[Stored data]
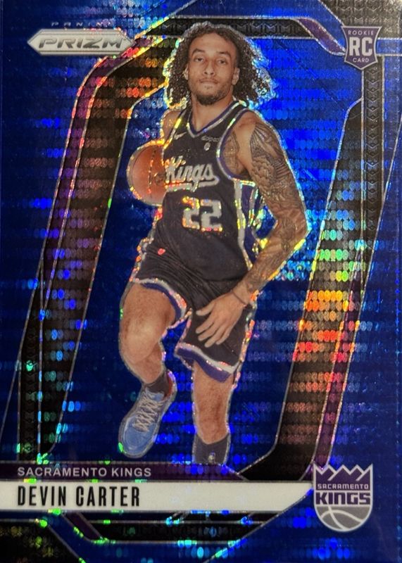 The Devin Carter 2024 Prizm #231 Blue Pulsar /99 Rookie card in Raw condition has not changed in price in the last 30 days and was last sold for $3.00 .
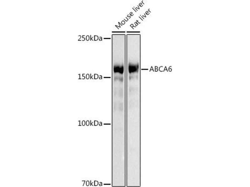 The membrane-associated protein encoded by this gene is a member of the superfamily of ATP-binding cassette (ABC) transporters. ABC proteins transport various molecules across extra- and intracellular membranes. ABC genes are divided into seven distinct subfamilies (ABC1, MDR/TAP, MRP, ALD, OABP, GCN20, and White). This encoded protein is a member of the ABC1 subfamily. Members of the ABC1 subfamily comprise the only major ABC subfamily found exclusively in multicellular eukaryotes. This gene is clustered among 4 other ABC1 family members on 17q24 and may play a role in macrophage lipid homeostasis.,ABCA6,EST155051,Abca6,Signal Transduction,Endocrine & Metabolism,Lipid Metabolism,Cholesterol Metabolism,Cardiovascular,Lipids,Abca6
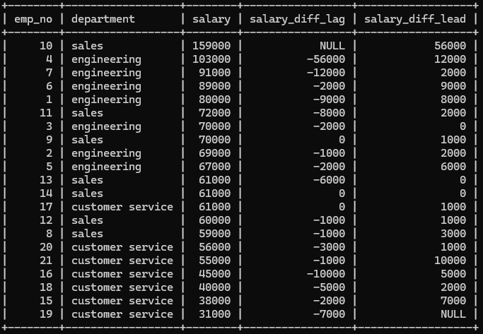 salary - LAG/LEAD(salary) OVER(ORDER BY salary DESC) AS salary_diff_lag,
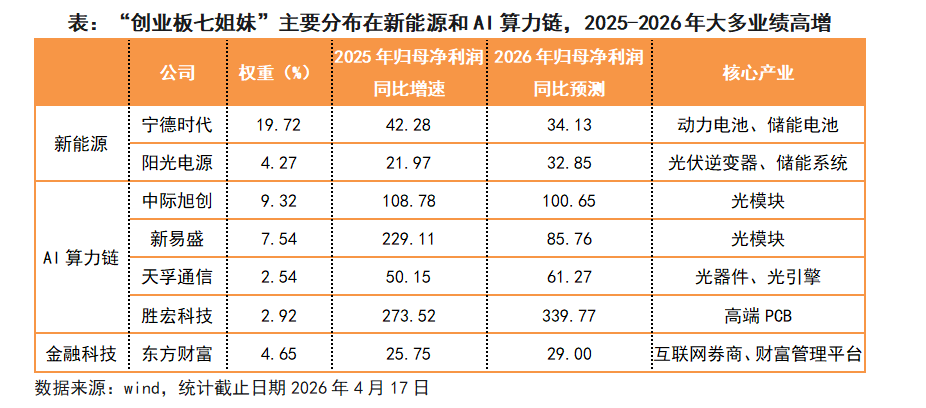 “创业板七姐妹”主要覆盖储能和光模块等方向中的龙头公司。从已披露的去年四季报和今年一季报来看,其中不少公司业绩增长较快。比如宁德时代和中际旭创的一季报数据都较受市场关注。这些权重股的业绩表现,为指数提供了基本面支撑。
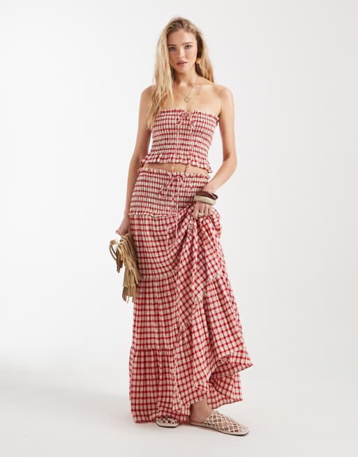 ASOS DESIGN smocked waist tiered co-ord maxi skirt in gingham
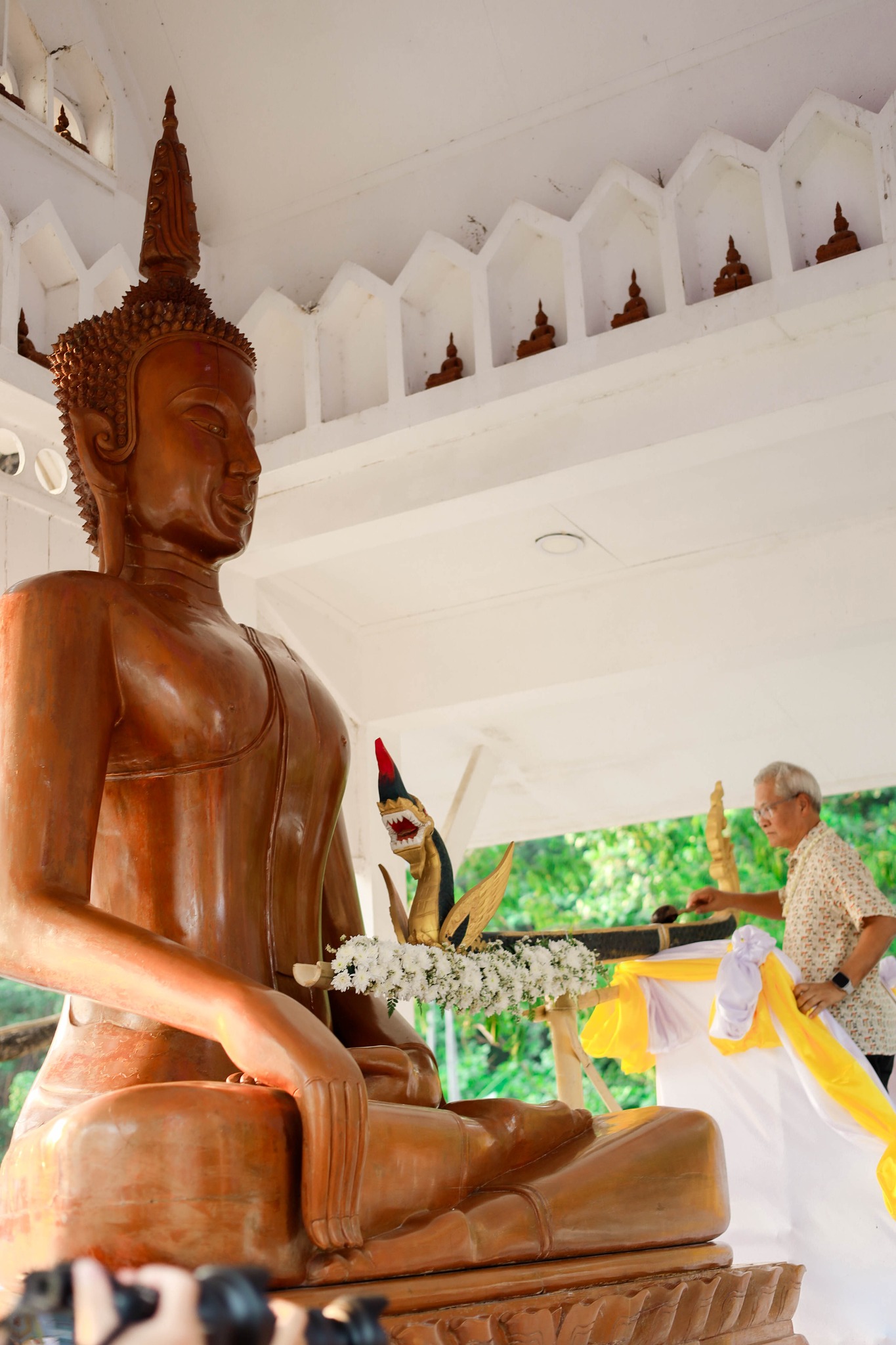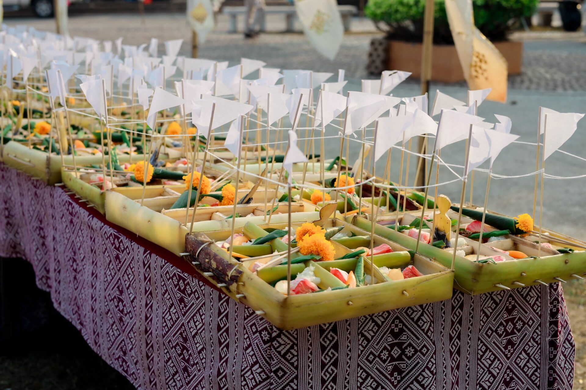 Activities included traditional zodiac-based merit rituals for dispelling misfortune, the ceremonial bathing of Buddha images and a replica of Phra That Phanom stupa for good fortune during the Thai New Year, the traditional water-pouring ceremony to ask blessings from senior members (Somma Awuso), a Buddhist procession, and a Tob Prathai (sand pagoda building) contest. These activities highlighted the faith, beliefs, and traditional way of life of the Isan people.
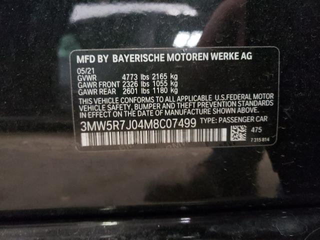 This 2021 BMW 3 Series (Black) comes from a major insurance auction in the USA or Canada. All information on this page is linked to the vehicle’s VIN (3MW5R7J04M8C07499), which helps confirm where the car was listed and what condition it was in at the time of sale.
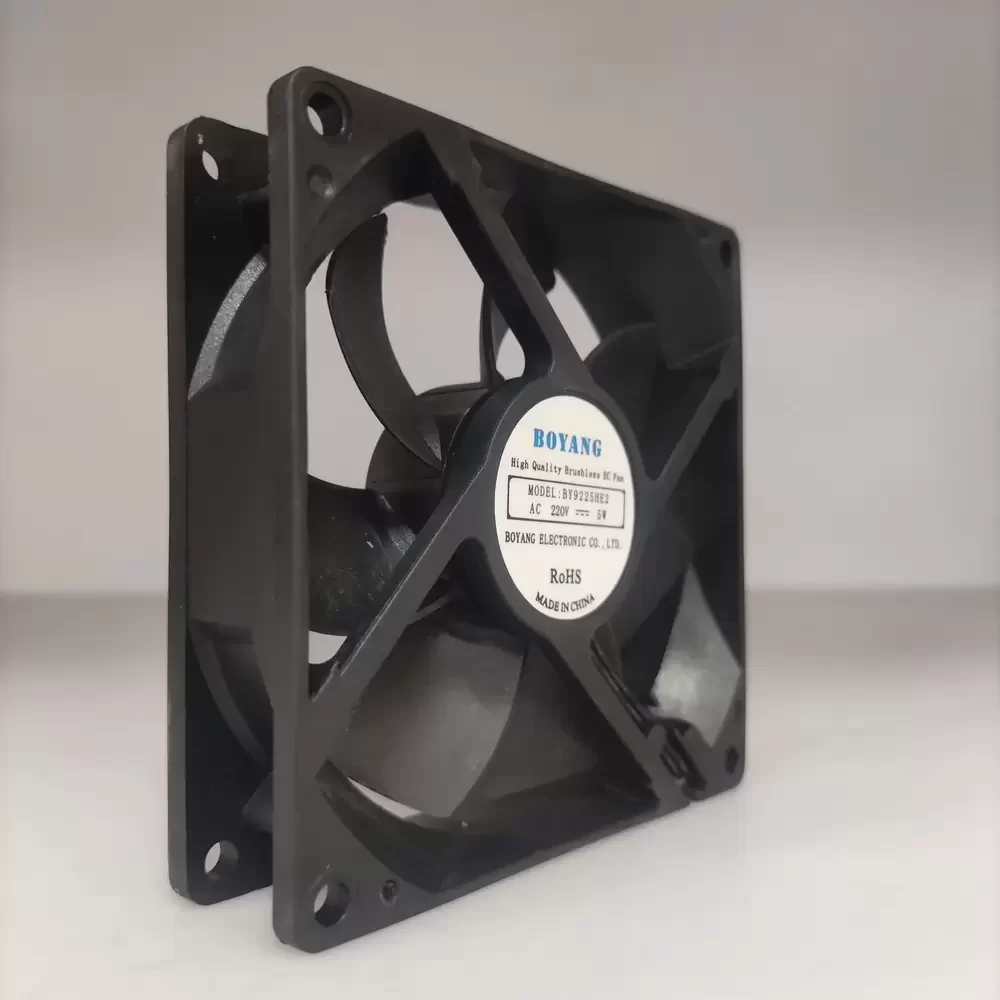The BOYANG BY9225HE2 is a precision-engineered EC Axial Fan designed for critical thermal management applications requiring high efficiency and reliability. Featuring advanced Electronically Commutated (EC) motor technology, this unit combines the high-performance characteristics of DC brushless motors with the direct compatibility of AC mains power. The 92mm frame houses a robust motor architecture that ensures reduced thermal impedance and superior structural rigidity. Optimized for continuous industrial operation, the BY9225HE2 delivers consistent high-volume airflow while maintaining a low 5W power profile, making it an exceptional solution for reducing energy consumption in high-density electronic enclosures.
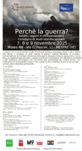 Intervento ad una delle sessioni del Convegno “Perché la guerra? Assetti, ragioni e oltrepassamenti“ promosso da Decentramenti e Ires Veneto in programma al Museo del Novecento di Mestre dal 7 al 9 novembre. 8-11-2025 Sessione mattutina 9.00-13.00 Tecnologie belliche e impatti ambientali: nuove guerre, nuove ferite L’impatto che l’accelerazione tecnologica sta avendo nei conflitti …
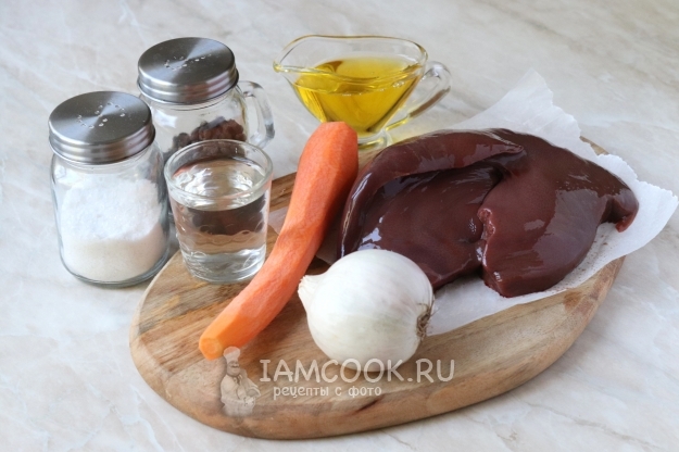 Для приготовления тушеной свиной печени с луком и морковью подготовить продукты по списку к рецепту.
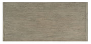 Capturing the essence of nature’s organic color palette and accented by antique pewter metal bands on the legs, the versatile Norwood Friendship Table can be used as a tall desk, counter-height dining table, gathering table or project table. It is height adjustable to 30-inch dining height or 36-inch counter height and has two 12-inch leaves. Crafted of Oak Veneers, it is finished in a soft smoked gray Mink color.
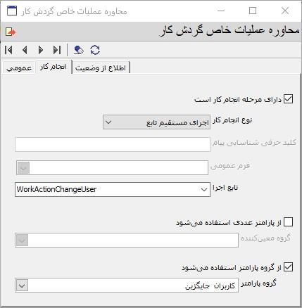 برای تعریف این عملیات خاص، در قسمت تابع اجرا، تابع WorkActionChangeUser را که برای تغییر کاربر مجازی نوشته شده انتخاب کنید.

## REQUIREMENT
Your reply should consist solely of the lines above, from the opening line through the line with "This 2021 BMW", reproduced exactly and without pictures.

## OUTPUT FOR THIS EXERCISE
 The Devin Carter 2024 Prizm #231 Blue Pulsar /99 Rookie card in Raw condition has not changed in price in the last 30 days and was last sold for $3.00 .
 The membrane-associated protein encoded by this gene is a member of the superfamily of ATP-binding cassette (ABC) transporters. ABC proteins transport various molecules across extra- and intracellular membranes. ABC genes are divided into seven distinct subfamilies (ABC1, MDR/TAP, MRP, ALD, OABP, GCN20, and White). This encoded protein is a member of the ABC1 subfamily. Members of the ABC1 subfamily comprise the only major ABC subfamily found exclusively in multicellular eukaryotes. This gene is clustered among 4 other ABC1 family members on 17q24 and may play a role in macrophage lipid homeostasis.,ABCA6,EST155051,Abca6,Signal Transduction,Endocrine & Metabolism,Lipid Metabolism,Cholesterol Metabolism,Cardiovascular,Lipids,Abca6
 salary - LAG/LEAD(salary) OVER(ORDER BY salary DESC) AS salary_diff_lag,
 “创业板七姐妹”主要覆盖储能和光模块等方向中的龙头公司。从已披露的去年四季报和今年一季报来看,其中不少公司业绩增长较快。比如宁德时代和中际旭创的一季报数据都较受市场关注。这些权重股的业绩表现,为指数提供了基本面支撑。
 ASOS DESIGN smocked waist tiered co-ord maxi skirt in gingham
 Activities included traditional zodiac-based merit rituals for dispelling misfortune, the ceremonial bathing of Buddha images and a replica of Phra That Phanom stupa for good fortune during the Thai New Year, the traditional water-pouring ceremony to ask blessings from senior members (Somma Awuso), a Buddhist procession, and a Tob Prathai (sand pagoda building) contest. These activities highlighted the faith, beliefs, and traditional way of life of the Isan people.
 This 2021 BMW 3 Series (Black) comes from a major insurance auction in the USA or Canada. All information on this page is linked to the vehicle’s VIN (3MW5R7J04M8C07499), which helps confirm where the car was listed and what condition it was in at the time of sale.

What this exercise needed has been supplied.